Verdant Hike on Drift Creek Trail No. 815 – May 16, 2017


Ragged Mountain seen from Drift Creek Trail on a fabulously verdant day

The Gunnison National Forest extends across such a large swath of land that visiting some of the far-flung corners involves a large investment in time and energy to get to a particular trailhead.  Over on the other side of the West Elk Mountains, relative to my home in Gunnison, Colorado, lies the North Fork of the Gunnison River.  It takes nearly an hour and a half to two hours of driving to reach some of the trails in the Paonia Ranger District.  I thought that a trip over to that side of the mountains would present a fine Spring outing.  I was feeling fairly ambitious so I got up early and left home by six-thirty in the morning.  I drove out west on U.S. 50 to Colorado 92.  That latter highway skirts the Black Canyon of the Gunnison.  The highway winds around and exudes scenic virtue.  However, the low speed limit precludes a quick journey.  Still, I enjoyed the drive to Crawford, from where I took a back route into Paonia and on to Colorado 133.  I drove north up past Paonia Reservoir and on into Muddy and Lee Creeks below McClure Pass.  There is a little pullout on the west side of the road where the trailhead lies relatively unmarked.  A sign announcing that the Drift Creek Trail No. 815 begins here has been installed, if you know where to look.  Drift Creek itself lies some four miles away, according to the same signage.
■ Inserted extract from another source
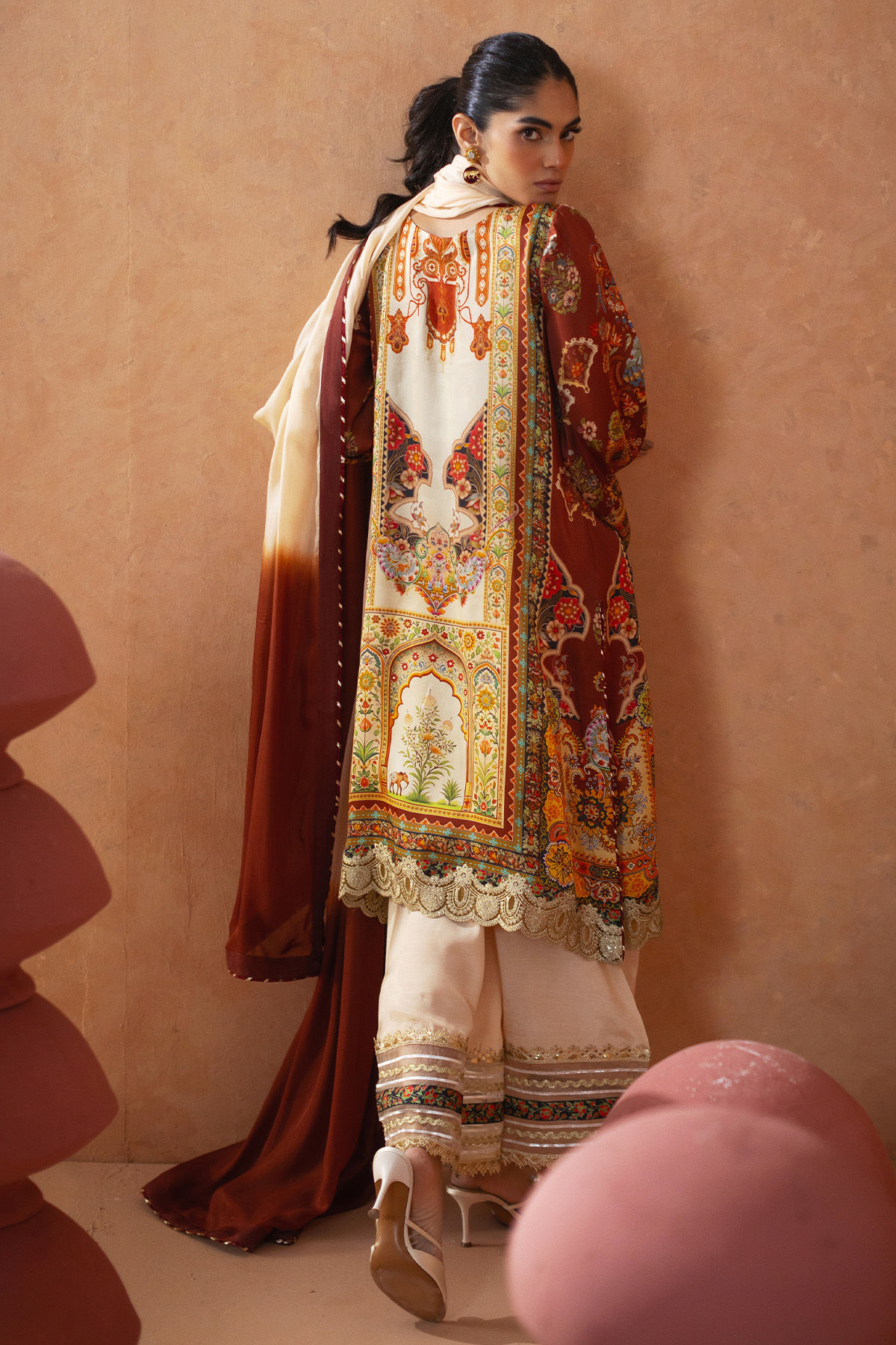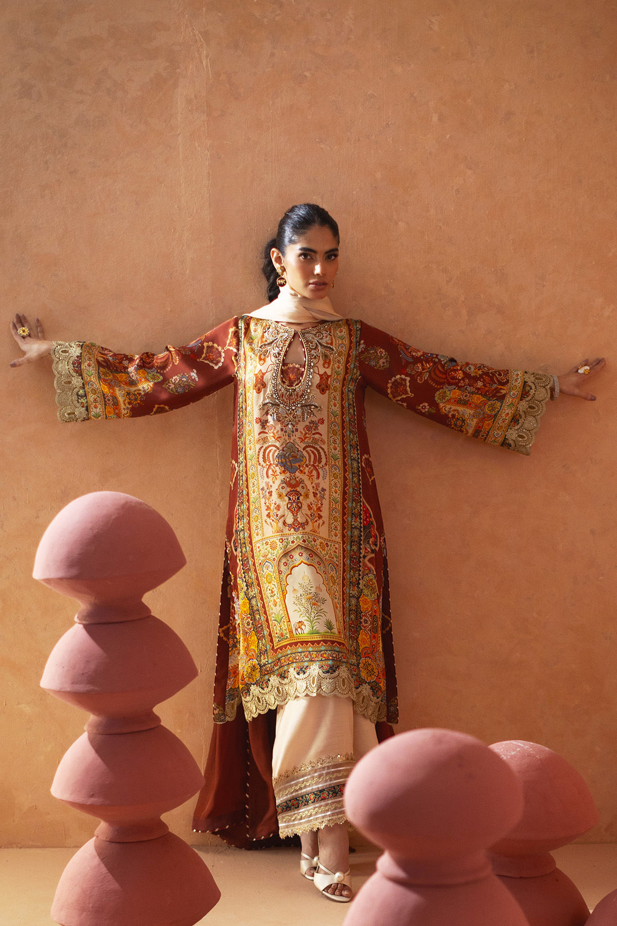 Knee-length shirt crafted in earthy tones on silk canvas, embellished with a traditional Hyderabadi neckline featuring a contemporary twist. The hem is accentuated with intricate zari appliqué details, and the shirt can be complemented with an izaar that showcases exquisite gota detailing. This ensemble is further enhanced by an ombré silk dupatta, designed to make a striking impression this festive season.

Naturally, the shepherds disgorged themselves from the car with a burst of pent up energy.  They ran around the small trailhead, sniffing at whatever struck their fancy.  I noted the incredible greenery as the grass, forbs, aspen and shrubs all grew with abandon.  I started to hike and quickly rose above the trailhead and highway.  Looking across Lee Creek towards the Ragged Mountains I had my breath taken away by the huge swath of verdure that stretched out to the horizon.  Interrupted only by the high peaks clad in snow, this verdant expanse positively glowed under the warm Spring Sun.  Flowers bloomed everywhere I cast my eyes.  I had expected some sign of Spring but not this.  I felt blessed to behold this grandeur and quickly began to laugh in joyous repose.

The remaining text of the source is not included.